**REQUIREMENT:**
From the listing below, restate word for word the lines from the line containing "We loved our" down through the line containing "從儲(chǔ)量看,我國(g". Exclude pictures.

**RECORDS TO USE:**
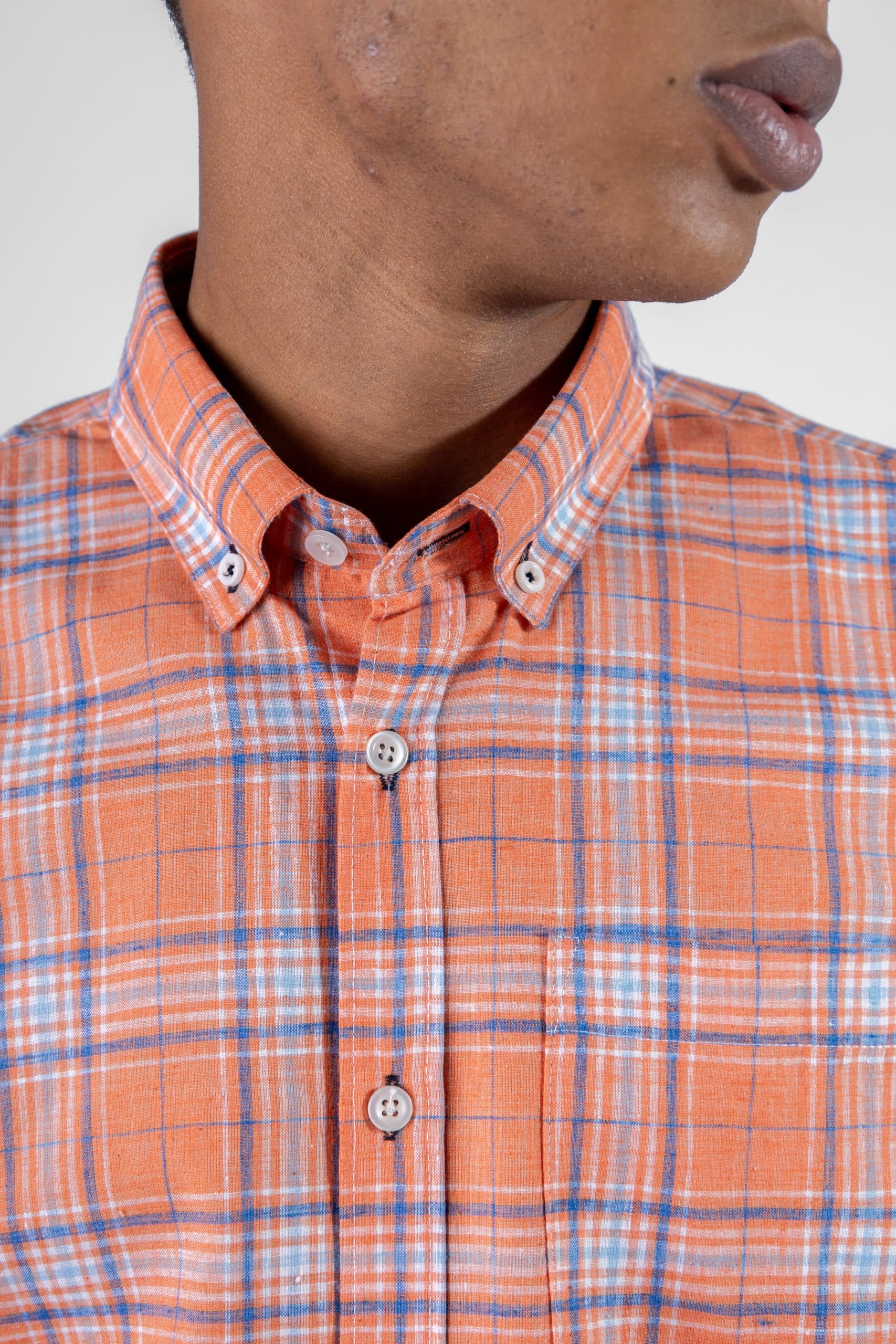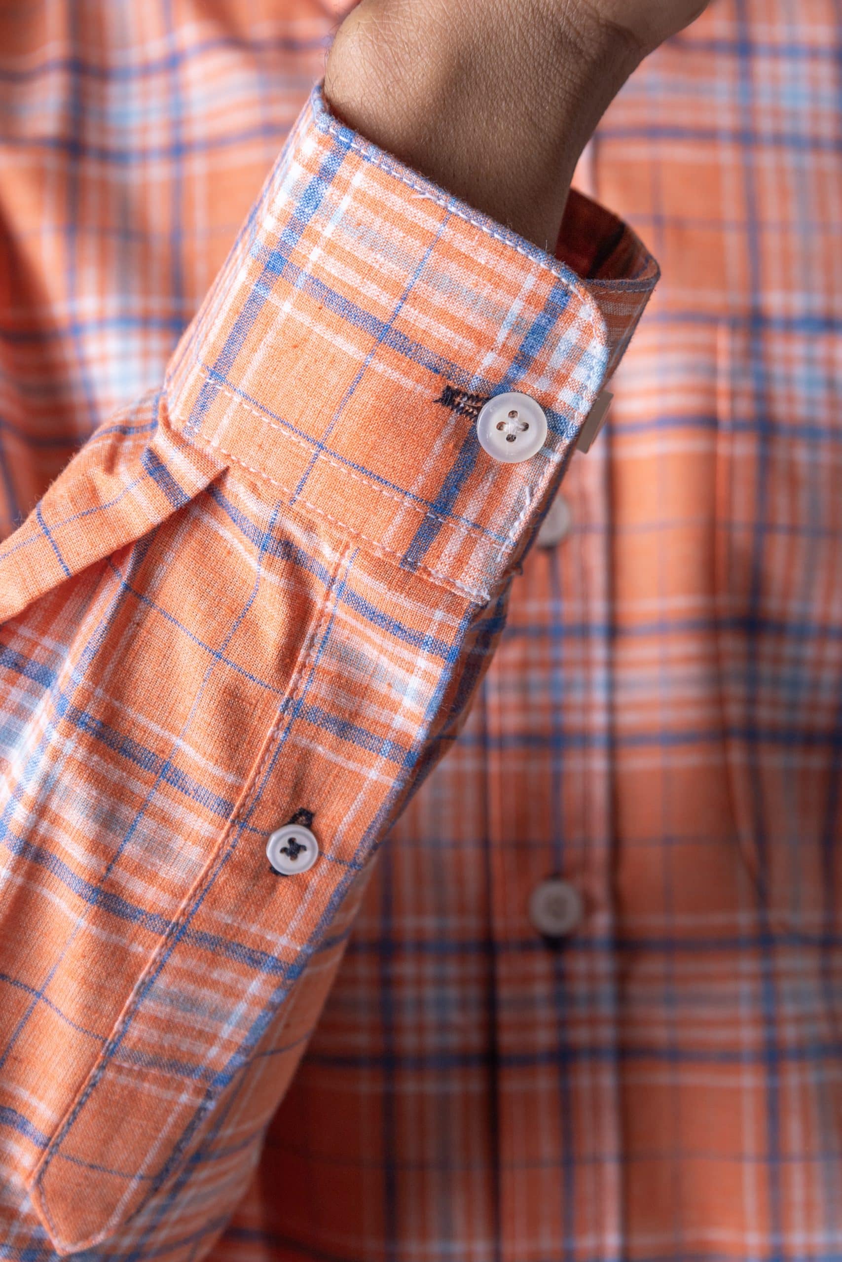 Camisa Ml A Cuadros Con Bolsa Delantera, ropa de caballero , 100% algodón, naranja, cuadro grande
==
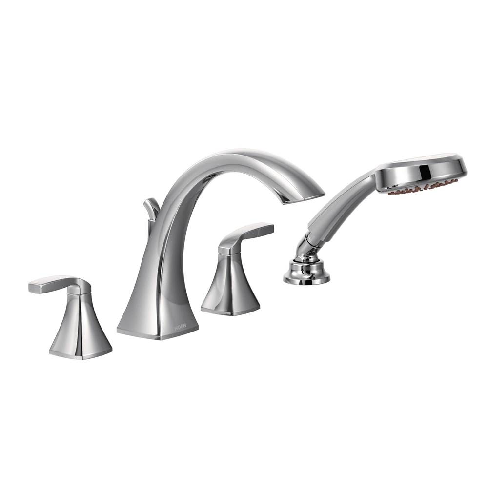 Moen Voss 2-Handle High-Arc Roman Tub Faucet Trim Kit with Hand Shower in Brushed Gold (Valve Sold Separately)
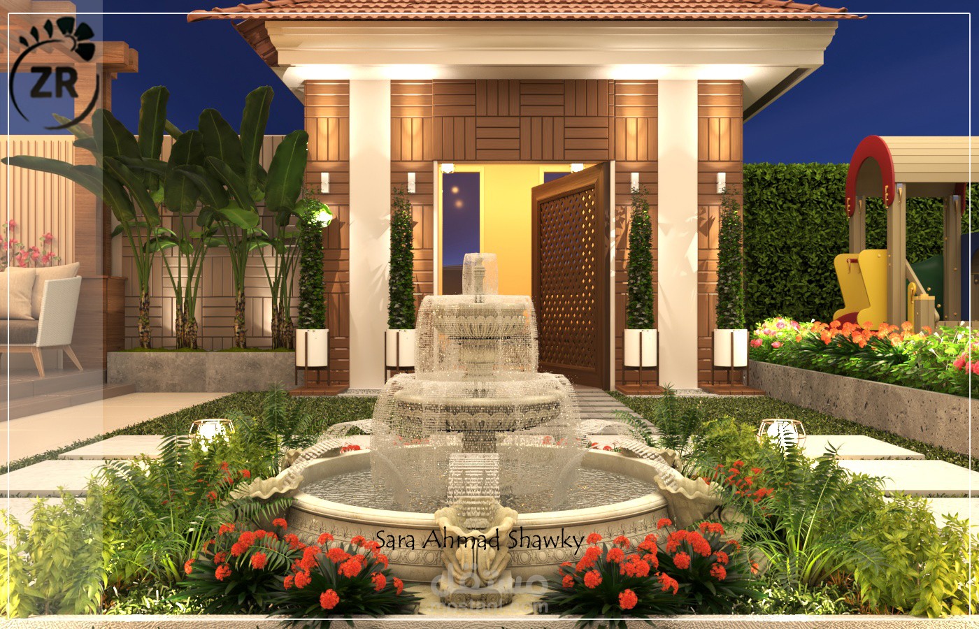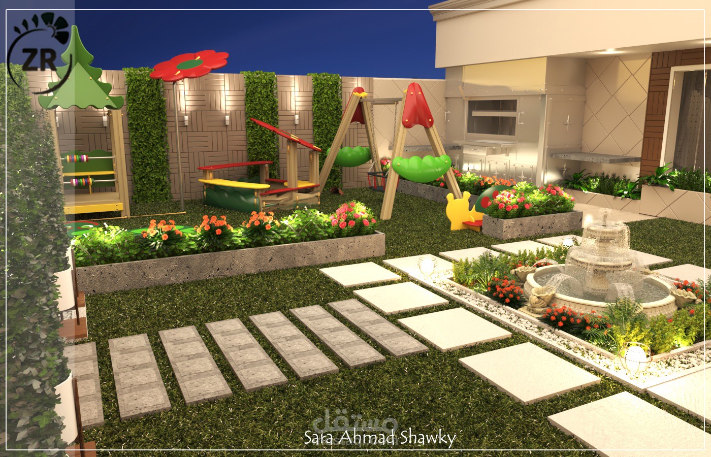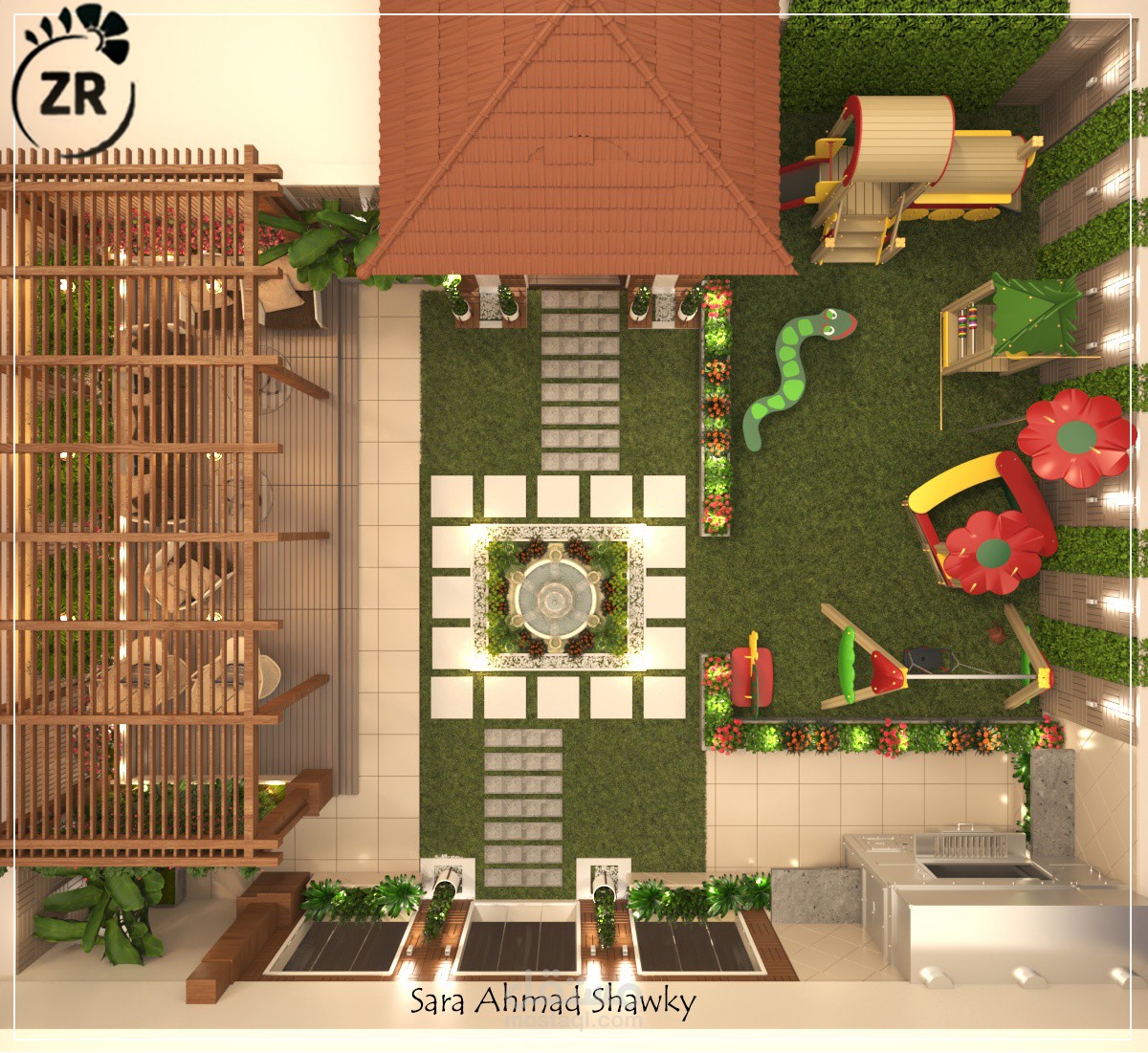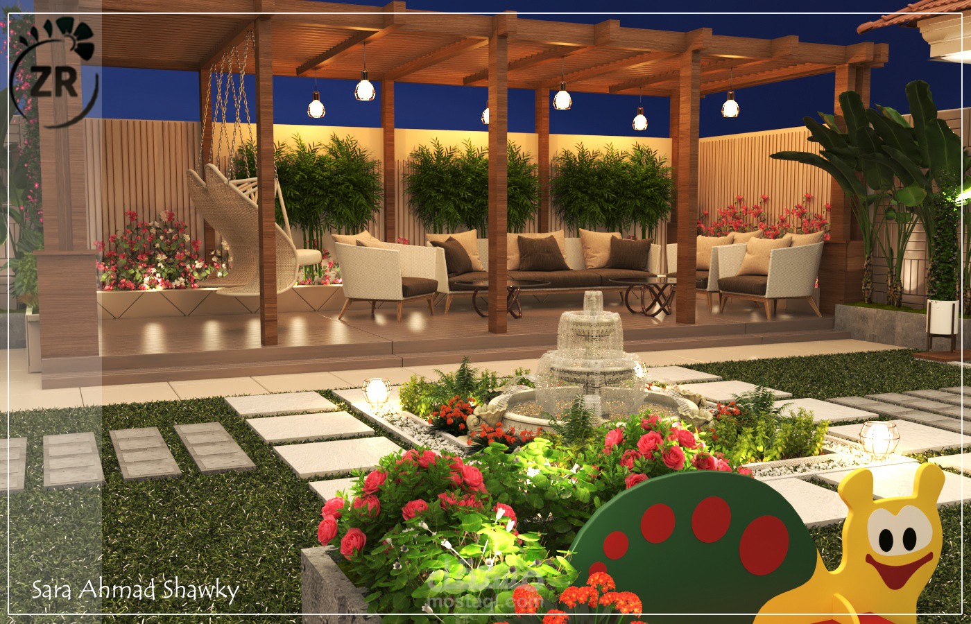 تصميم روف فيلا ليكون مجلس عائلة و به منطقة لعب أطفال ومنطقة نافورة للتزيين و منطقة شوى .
---
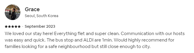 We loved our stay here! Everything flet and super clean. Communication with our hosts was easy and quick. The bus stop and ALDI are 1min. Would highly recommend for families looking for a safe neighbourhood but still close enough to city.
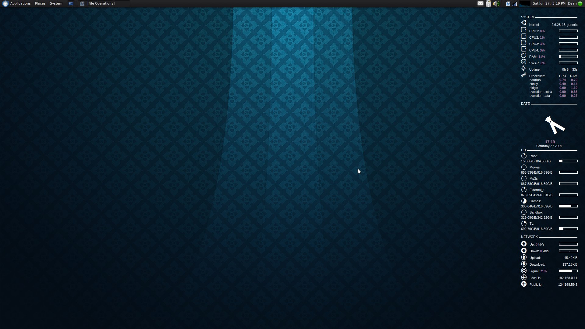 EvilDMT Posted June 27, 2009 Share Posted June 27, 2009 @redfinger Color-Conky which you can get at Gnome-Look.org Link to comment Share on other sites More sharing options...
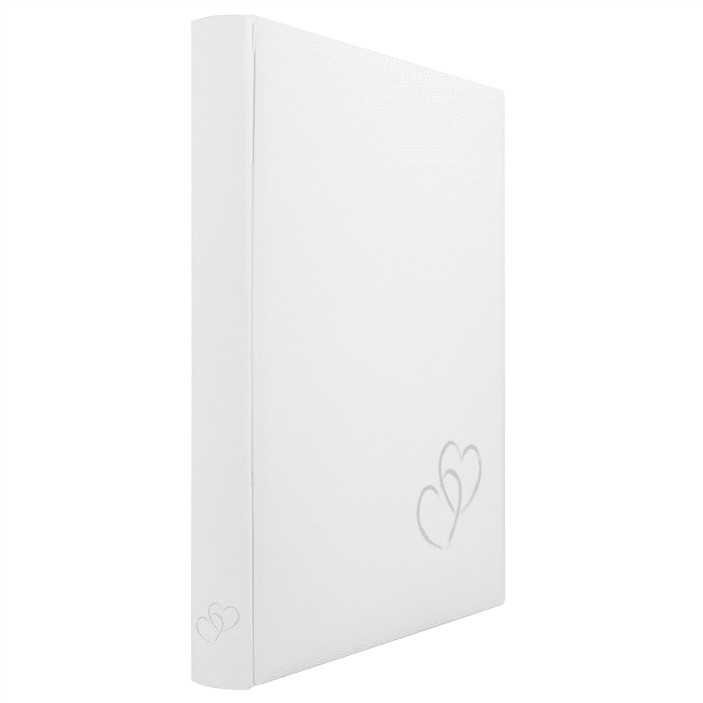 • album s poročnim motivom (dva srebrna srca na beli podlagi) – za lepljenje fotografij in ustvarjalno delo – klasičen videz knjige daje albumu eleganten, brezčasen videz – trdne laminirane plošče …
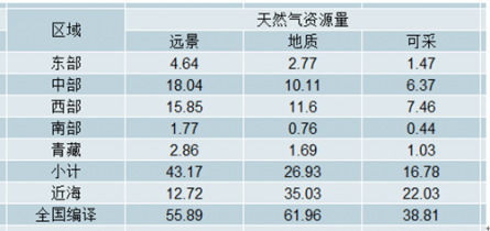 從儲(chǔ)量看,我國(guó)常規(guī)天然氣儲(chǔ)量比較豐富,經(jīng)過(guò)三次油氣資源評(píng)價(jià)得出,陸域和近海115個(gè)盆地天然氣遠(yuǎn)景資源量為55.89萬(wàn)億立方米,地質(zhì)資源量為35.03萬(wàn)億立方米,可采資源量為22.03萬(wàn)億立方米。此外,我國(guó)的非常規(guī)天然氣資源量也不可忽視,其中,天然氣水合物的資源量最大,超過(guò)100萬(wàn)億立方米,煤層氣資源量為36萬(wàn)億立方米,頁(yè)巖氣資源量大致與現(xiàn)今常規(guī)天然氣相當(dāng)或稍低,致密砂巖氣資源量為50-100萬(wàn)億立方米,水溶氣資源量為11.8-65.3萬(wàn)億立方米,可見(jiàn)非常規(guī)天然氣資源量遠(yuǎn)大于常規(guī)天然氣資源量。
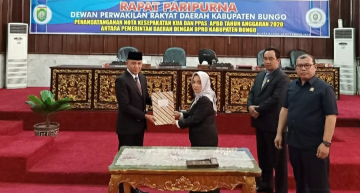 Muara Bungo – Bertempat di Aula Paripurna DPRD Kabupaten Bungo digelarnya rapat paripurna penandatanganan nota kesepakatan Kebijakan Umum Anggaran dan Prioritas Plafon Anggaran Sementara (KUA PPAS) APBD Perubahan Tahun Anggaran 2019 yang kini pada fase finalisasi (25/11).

**ANSWER BOX:**
 We loved our stay here! Everything flet and super clean. Communication with our hosts was easy and quick. The bus stop and ALDI are 1min. Would highly recommend for families looking for a safe neighbourhood but still close enough to city.
 EvilDMT Posted June 27, 2009 Share Posted June 27, 2009 @redfinger Color-Conky which you can get at Gnome-Look.org Link to comment Share on other sites More sharing options...
 • album s poročnim motivom (dva srebrna srca na beli podlagi) – za lepljenje fotografij in ustvarjalno delo – klasičen videz knjige daje albumu eleganten, brezčasen videz – trdne laminirane plošče …
 從儲(chǔ)量看,我國(guó)常規(guī)天然氣儲(chǔ)量比較豐富,經(jīng)過(guò)三次油氣資源評(píng)價(jià)得出,陸域和近海115個(gè)盆地天然氣遠(yuǎn)景資源量為55.89萬(wàn)億立方米,地質(zhì)資源量為35.03萬(wàn)億立方米,可采資源量為22.03萬(wàn)億立方米。此外,我國(guó)的非常規(guī)天然氣資源量也不可忽視,其中,天然氣水合物的資源量最大,超過(guò)100萬(wàn)億立方米,煤層氣資源量為36萬(wàn)億立方米,頁(yè)巖氣資源量大致與現(xiàn)今常規(guī)天然氣相當(dāng)或稍低,致密砂巖氣資源量為50-100萬(wàn)億立方米,水溶氣資源量為11.8-65.3萬(wàn)億立方米,可見(jiàn)非常規(guī)天然氣資源量遠(yuǎn)大于常規(guī)天然氣資源量。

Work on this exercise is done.